Make sure to only search for words, not just strings. For example, "hanks" should not match "Thanks".
In your website, support autocomplete, so as the user types a character, you present a short list of ranked possibilities. Performance of autocomplete should be sufficient that the user doesn't feel like they are waiting.
Find apparent misspellings in search queries. Present corrected results to users in a manner similar to what Google does.

Favorites by user. Enable the user to say what movies they like. When they seek to do this the first time, require them to register with the website. Thus, create user accounts. Require them to be logged into the website, in order for them to do this.

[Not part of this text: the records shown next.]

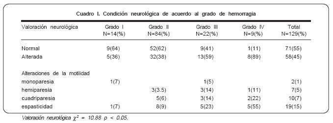 Se estudiaron a 129 niños, ordenados en cuatro grupos conforme al grado de hemorragia; grado I, 14 pacientes, grado II, 84, grado III, 22 y grado IV, 9.
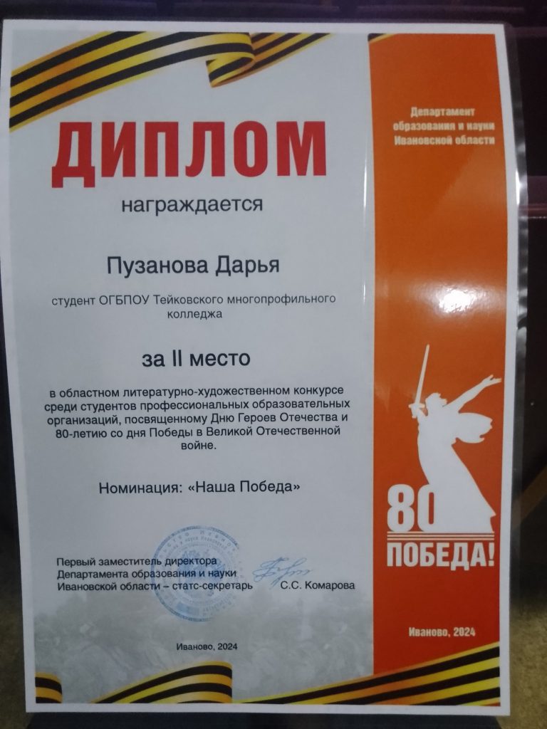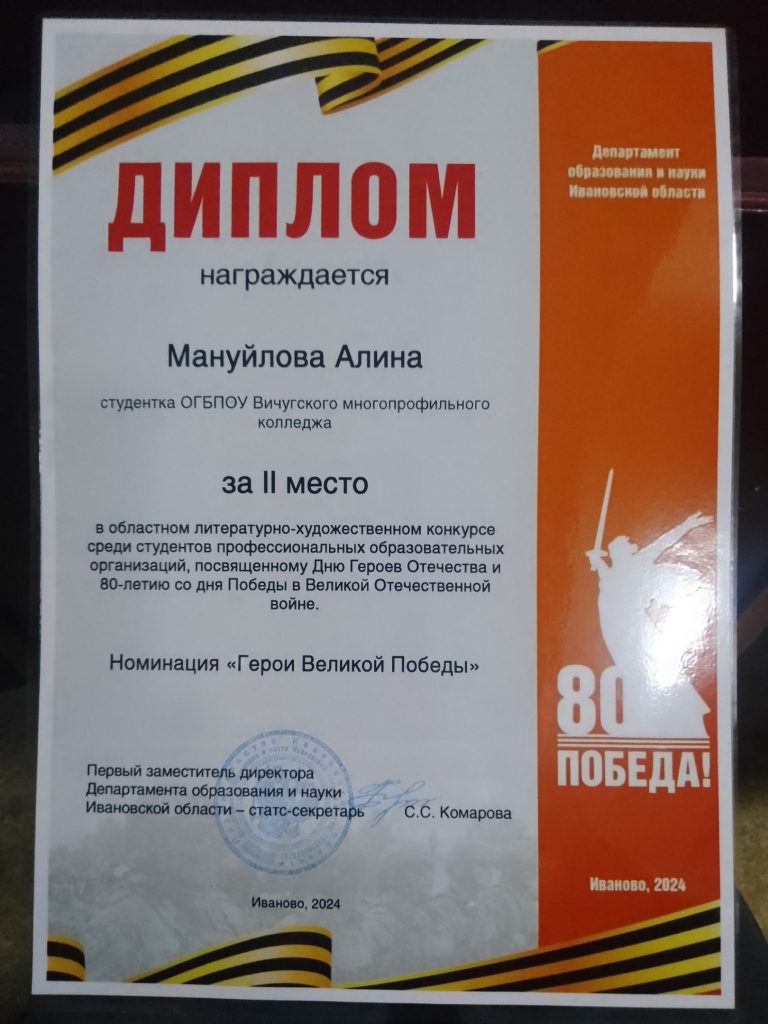 5 декабря в торжественной обстановке на базе Ивановского колледжа культуры прошло подведение итогов областного литературно- художественного конкурса, посвящённого Дню Героев Отечества и 80- летию Победы в Великой Отечественной войне.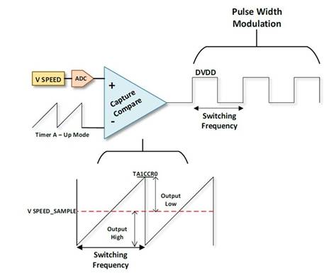 用于控制電機的PWM信號是使用MSP430G2553產生的。通過取樣速度電位器的滑動電壓并將該樣本與Timer_A進行比較MSP430的PWM信號具有不同的占空比和恒定的開關頻率創建。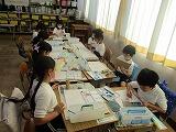 1年図工 スタンプを押し、絵を描いています。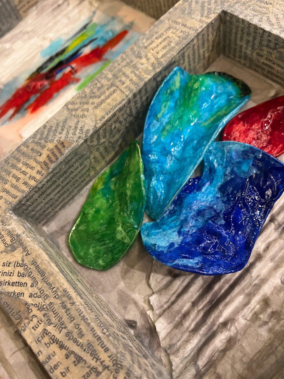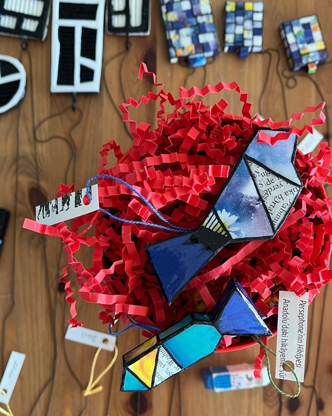 2021 yılında kendime doğru çıktığım bir seyahat sırasında annem vasıtasıyla kağıtlarla tanıştım. Kağıtlardan dışavurumcu bir dünya yarattım ve ortaya çağdaş mücevherler, aksesuarlar ve heykelcikler çıktı.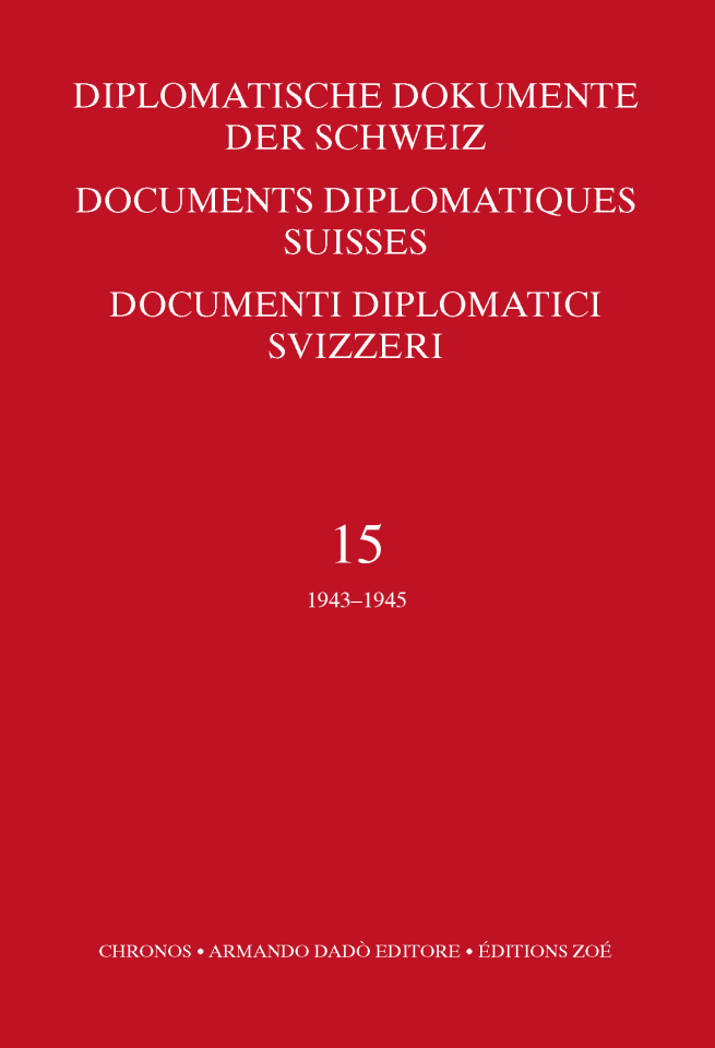 Edition DDS, vol. 15 (1943–1945) ISBN 3-7165-0843-8 Documents Diplomatiques Suisses Volume 15 (1943–1945) sous la direction des Prof. L.-E. Roulet et Ph. Marguerat, Université de Neuchâtel relié, avec couvre-livre, 16x24cm, 1992. CVIII et 1'200 pages. CHF 160.– pdf Documents dans Dodis Documents dans Dodis ISBN 3-7165-0843-8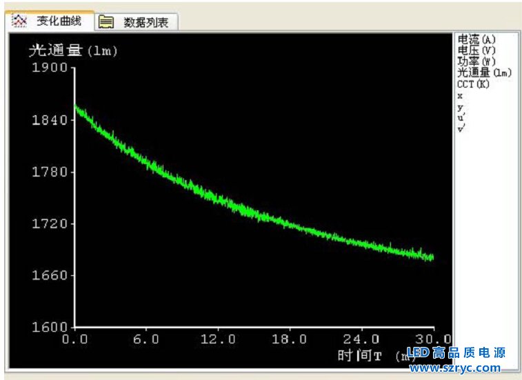 例如飛利浦公司的432195型球泡燈的輸出流明,在半小時(shí)后,從1860lm降低至1680lm,降低至92%。具體流明下降過(guò)程如下圖所示。

Incorporate into the website a page that displays a user's favorite movies. Require them to create an account / be logged into the website, in order for them to do this.
For 20 extra points, enable accounts to be created based on the user's Google account, using the OAuth2 protocol.

agile development

GitHub allows you to create agile boards and backlogs, assign issues, and track progress. For this deliverable, engage in an agile development cycle, by following the steps listed here.

Make sure to:

Create a backlog
Assign tasks to members
Move tasks through the board as you finish tasks

Your team’s processes will be graded.

d3 submission

Provide the TA and PTs access to your:

Private GitHub repository.
Use .gitignore. Only commit the files that you have changed. DO NOT commit all the files in Node.js!
Use the following convention for naming your branch:

“P” + projectNumber + “D” + deliverableNumber

So, for this deliverable, title your branch P1D3.

Use this form to submit the URLs to your:

GitHub repository
Website, i.e., your_web_app_url
Team development log

Each individual: use this form to submit your self and peer evaluation.